Problem with XML as a data serialization format
As you've discovered there a several ways to structure data in XML. This is because XML started life as a documentation markup. XML has no built in way to describe simple data structures like lists or hashes.
Not self describing
Here's a simpe example:
<data>
<user name="gerry"/>
</data>
This can be deserialized as a simple hash:
data.user.name = "gerry"
or less obviously as a list of hashes:
data.user[0].name = "gerry"
Fact is a different XML document could be specifying multiple user tags:
<data>
<user name="gerry"/>
<user name="tom"/>
</data>
XML schema to the rescue
The solution to this problem was to design a separate schema specification that describes how the document is formatted:
<xs:schema attributeFormDefault="unqualified" elementFormDefault="qualified" xmlns:xs="http://www.w3.org/2001/XMLSchema">
<xs:element name="data">
<xs:complexType>
<xs:sequence>
<xs:element name="user" maxOccurs="unbounded" minOccurs="0">
<xs:complexType>
<xs:simpleContent>
<xs:extension base="xs:string">
<xs:attribute type="xs:string" name="name" use="optional"/>
</xs:extension>
</xs:simpleContent>
</xs:complexType>
</xs:element>
</xs:sequence>
</xs:complexType>
</xs:element>
</xs:schema>
The person tag is described as being a sequence of elements... So this enables XML parsers to store this information in a list construct.
This is the approach taken by many web service frameworks which process XML data.
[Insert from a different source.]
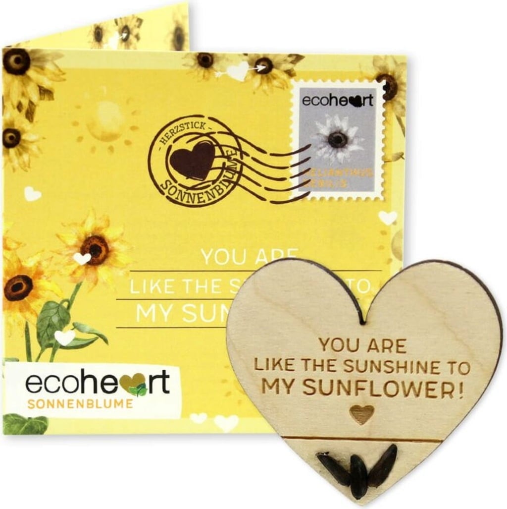 ecostick "ecoheart" är en hållbar och hjärtlig presentidé som passar perfekt för någon som betyder lite extra. Det lilla trä-hjärtat sticks ner i jorden och växer snart upp till en söt dvärgsolros som sprider glädje med sin gyllene blomma.

The message format is described in the WSDL/XML schema and the programming code that processes the message is generated automatically.
Why other formats are favoured
Formats like JSON and YAML are specifically designed to serialize data.
They don't require schema documents in order to parse data unambiguously.
but... Even so.... JSON and YAML don't solve all problems. While the data is more obvious at first glance there are no standards for describing data structures....
Earlier I vilified XML schemas, but these can be really useful to determining whether a piece of data is programmatically usable (valid) or not. Even so an XML Schema does not tell me the relationship between one piece of data and another.
It's really about information and relationships
The Semantic web movement is an attempt to create a self describing and collaborative internet. Problem is (IMHO) the associated standards are complex and difficult to understand and apply. The place to start is RDF:
It's designed as a generic information interchange format and cleverly works in manner that is independent of how data is actually serialized.
Example
Your simple example and expressed as RDF XML:
<?xml version="1.0"?>
<rdf:RDF xmlns:user="http://myspotontheweb.com/user/1.0/" xmlns:ex="http://myspotontheweb.com/example/user/" xmlns:rdf="http://www.w3.org/1999/02/22-rdf-syntax-ns#">
<rdf:Description rdf:about="http://myspotontheweb.com/example/user/1">
<user:name>gerry</user:name>
<user:likes>1</user:likes>
<user:likes>2</user:likes>
<user:likes>4</user:likes>
</rdf:Description>
<rdf:Description rdf:about="http://myspotontheweb.com/example/user/2">
<user:name>tom</user:name>
<user:likes>2</user:likes>
<user:likes>4</user:likes>
<user:likes>6</user:likes>
<user:follows rdf:resource="http://myspotontheweb.com/example/user/1" />
</rdf:Description>
<rdf:Description rdf:about="http://myspotontheweb.com/example/user/3">
<user:name>felix</user:name>
<user:likes>3</user:likes>
<user:likes>5</user:likes>
<user:follows rdf:resource="http://myspotontheweb.com/example/user/1" />
</rdf:Description>
</rdf:RDF>
Each item of data has a unique identifier and a custom set of attributes:
- name
- likes
- follows : Used to link one RDF entity to another.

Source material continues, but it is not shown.